202 • The Restriction of Being

However, if we understand the ἰδέα (the look) as coming to presence, then coming to presence shows itself as constancy in a double sense. On the one hand, the look entails the standing-forth-from-unconcealment, the simple ἔστιν <is>. On the other hand, what shows itself in the look is that which looks that way, what stands there, the τί ἔστιν <the what-it-is>.]91

Thus, the ἰδέα constitutes the Being of beings. But here, ἰδέα and εἶδος are used in an extended sense, meaning not only what we can see with our physical eyes, but everything that can be apprehended. What any given being is consists in its look, and the look, in turn, presents the being’s whatness (allows it to come to presence).

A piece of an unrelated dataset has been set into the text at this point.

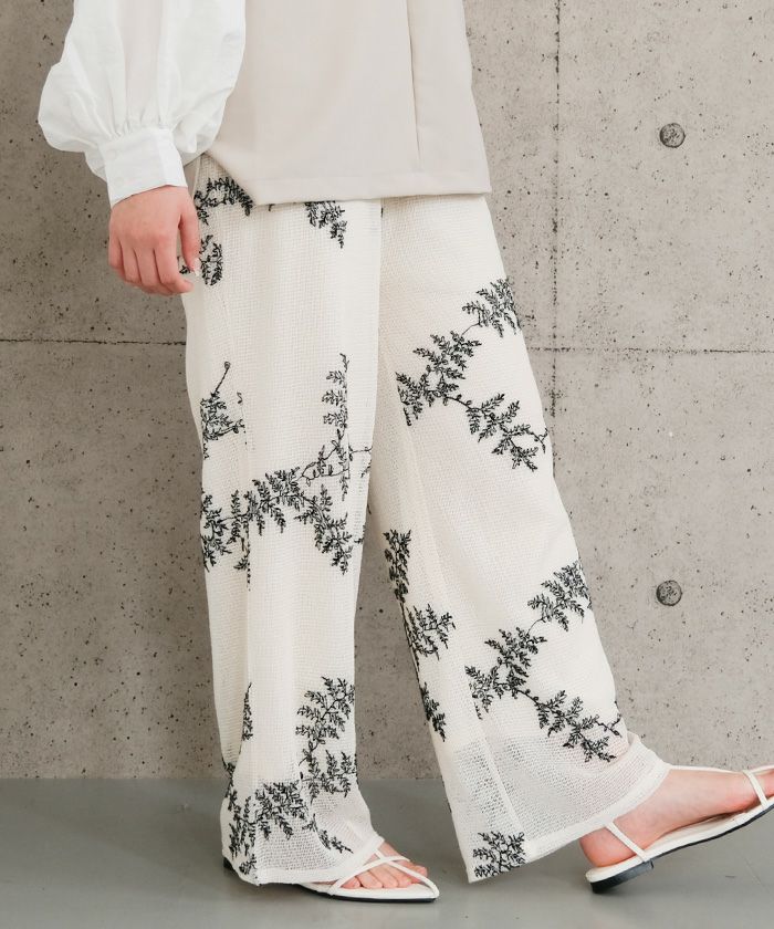 • 花柄が目を引くメッシュ素材のワイドパンツ
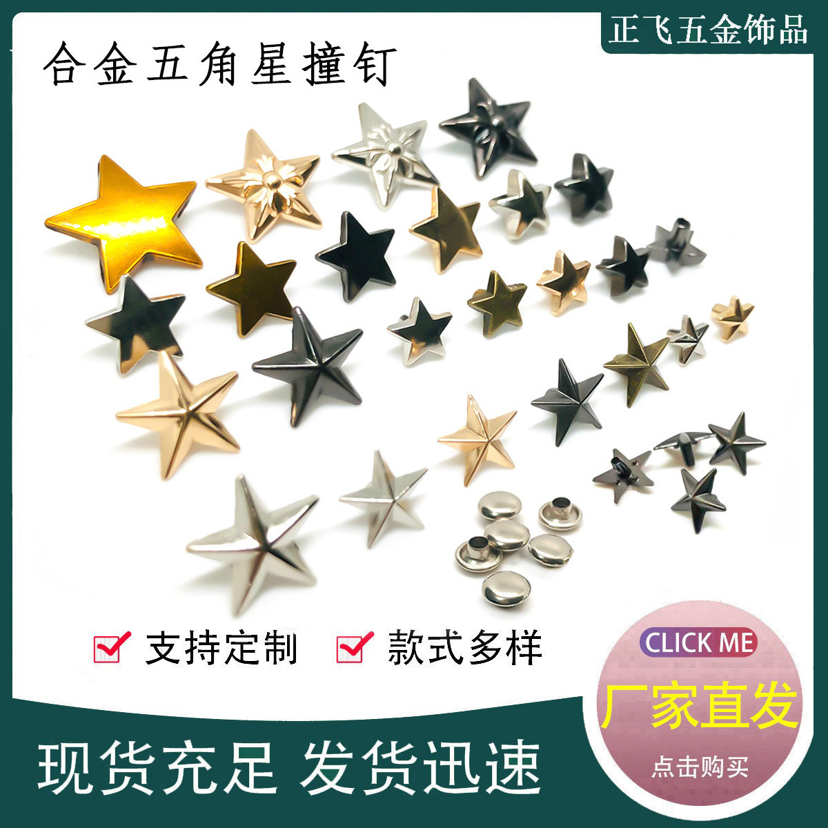 五芒星合金リベットスポット卸売 diy 衣類靴バッグ金属アクセサリーフラット凸五芒星リベット

But, we will already have asked, is this interpretation of Being as ἰδέα not thoroughly Greek, then? After all, this interpretation proceeds with unavoidable necessity from the fact that [139|190] Being is experienced as φύσις, as emerging sway, as appearing, as standing-in-the-light. What else does what appears show in appearing if not its look, the ἰδέα? How is it that the interpretation of Being as ἰδέα is supposed to differ from φύσις? Is the tradition not completely in the right, if for centuries it has seen this Greek philosophy in the light of Platonic philosophy? The interpretation of Being as ἰδέα in Plato is so little a departure, much less a downfall from the inception that instead it grasps this inception in a more unfolded and sharper way, and grounds it through the “theory of ideas.” Plato is the fulfillment of the inception.

In fact, it cannot be denied that the interpretation of Being as ἰδέα results from the fundamental experience of Being as φύσις.

91. The brackets are absent in the 1953 edition. Instead, only the portion of this paragraph that follows the first sentence is parenthesized.